Why am I getting Exception while executing OSLC properties query on DNG?
When I try to execute oslc.properties query with a dcterm and a custom value, I am getting the below error
2 answers
Are you URL encoding the values for the oslc.properties and oslc.prefix parameters?
URL encoding is required for these because they typically contain characters such as ":", "<", ">" etc.
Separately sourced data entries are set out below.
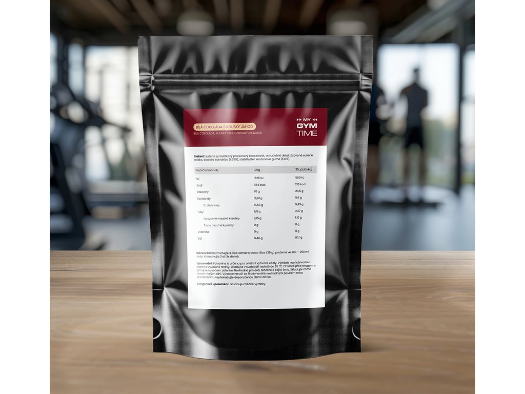 Syrovátkový protein My Gym Time bílá čokoláda s kousky lyofilizovaných jahod je ideálním doplňkem pro všechny sportovce i aktivní jedince, kteří chtějí efektivně podpořit růst a regeneraci svalové hmoty. Obsahuje vysoký podíl bílkovin (až 70 %) a minimální množství tuků a sacharidů, díky čemuž je vhodný jak do fáze nabírání svalů, tak i při redukčních dietách.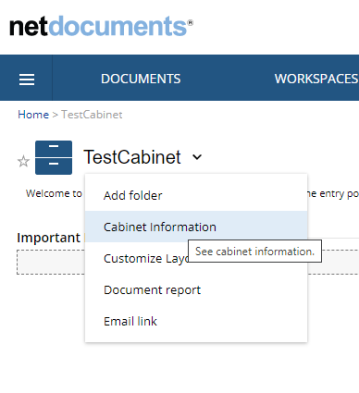 - In NetDocuments, open a cabinet that will be indexed by the BA Insight NetDocuments search engine and searched by users.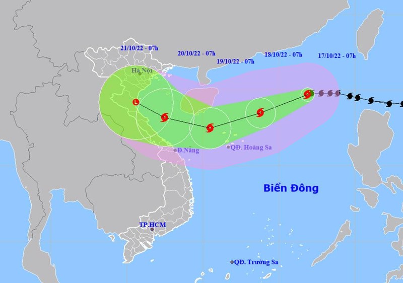 Theo Trung tâm Dự báo khí tượng thủy văn quốc gia, hồi 7 giờ ngày 17/10, vị trí tâm bão cách quần đảo Hoàng Sa khoảng 600km về phía Đông Bắc. Sức gió mạnh nhất vùng gần tâm bão mạnh cấp 11-12 (103-133km/giờ), giật cấp 14, di chuyển theo hướng Tây Tây Nam với tốc độ khoảng 15-20km/giờ.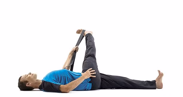 - Đặt 1 dây đai quanh lòng bàn chân phải. Thở ra để duỗi thẳng chân phải sao cho mắc cá thẳng hàng qua hông, hoặc kéo chân lên càng cao càng tốt và nới dây đai khi cần để cảm nhận sự duỗi cơ gân kheo nhẹ.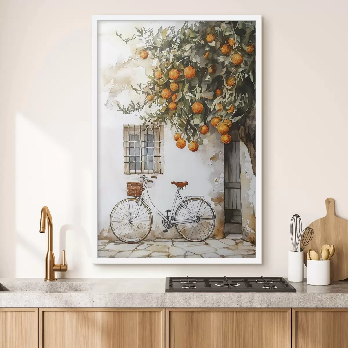 Plakatas Viduržemio jūros regiono baltas namas su apelsinmedžiu ir dviračiu f44610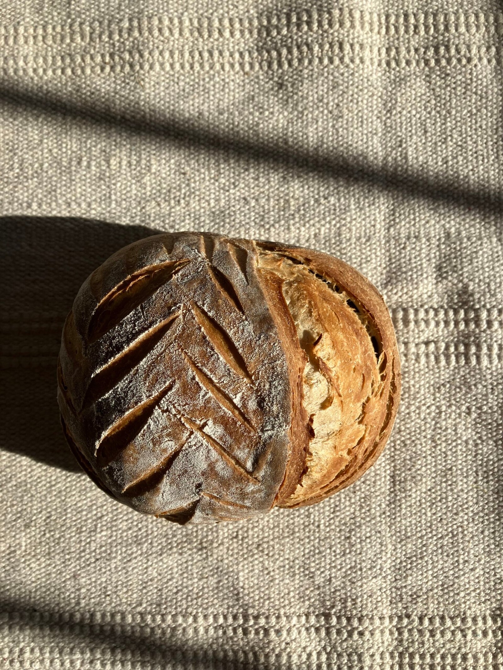 This round sourdough loaf is the perfect bread for soups, sandwiches and more! It is crafted with a crisp crust and its center is soft and tangy. Local pickup on 11/26.

You might try oslc.select instead of oslc.properties. As explained in OSLC Query 3.0 oslc.properties selects properties of the query result container itself, whereas oslc.select selects properties of each member of that container found by the query. For OSLC queries, you almost always want to use oslc.select. While most server implementations that implement OSLC query support oslc.select, many might not support oslc.properties.
Comments
I tried using OSLC select but it is not filtering selected values from the response, my query is like
- The oslc.select value is not URL encoded and contains ":", and
- The oslc.select value references the prefix "j.0" which is unlikely to have been defined by default and the URI does not define it using oslc.prefix. As a general principle, it's better to use a meaningful prefix name, and if it's not defined by default, specify oslc.prefix to define it. The known prefixes will be listed on the OSLC service provider using oslc:prefixDefinition. See section 5.2 of https://docs.oasis-open-projects.org/oslc-op/core/v3.0/ps01/discovery.html
Comments
Ian Barnard
FORUM ADMINISTRATOR / FORUM MODERATOR / JAZZ DEVELOPER Dec 04 '20, 7:08 a.m.I've never seen an OSLC Query for DNG based on something like your URL https://localhost:9090/testserver/resources - was this retrieved from a query capability? Or where else did you get it from? Also what is j.0:sample as a URI - this has to be the URI of an attribute type definition. I'm not sure j.0 is valid as a prefix, try j0 or just j? And what headers are you sending with the GET? It's usually easiest to get your query working the first time by using a REST client like Postman - once it works then apply the same headers/parameters in your code.
G C
Dec 07 '20, 12:37 a.m.https://localhost:9090/testserver/resources - This is my server URL from where I am getting response using OSLC query.
Ian Barnard
FORUM ADMINISTRATOR / FORUM MODERATOR / JAZZ DEVELOPER Dec 07 '20, 7:32 a.m.AFAICT https://localhost:9090/testserver/resources isn't a published OSLC query URL, i.e. it's not in a QueryCapability, so you're unlikely to get any sense out of it using OSLC Query parameters.
Ian Barnard
FORUM ADMINISTRATOR / FORUM MODERATOR / JAZZ DEVELOPER Dec 07 '20, 8:59 a.m.This is the most likely cause of the exception you're getting. To avoid the exception, use a published QueryCapability urls.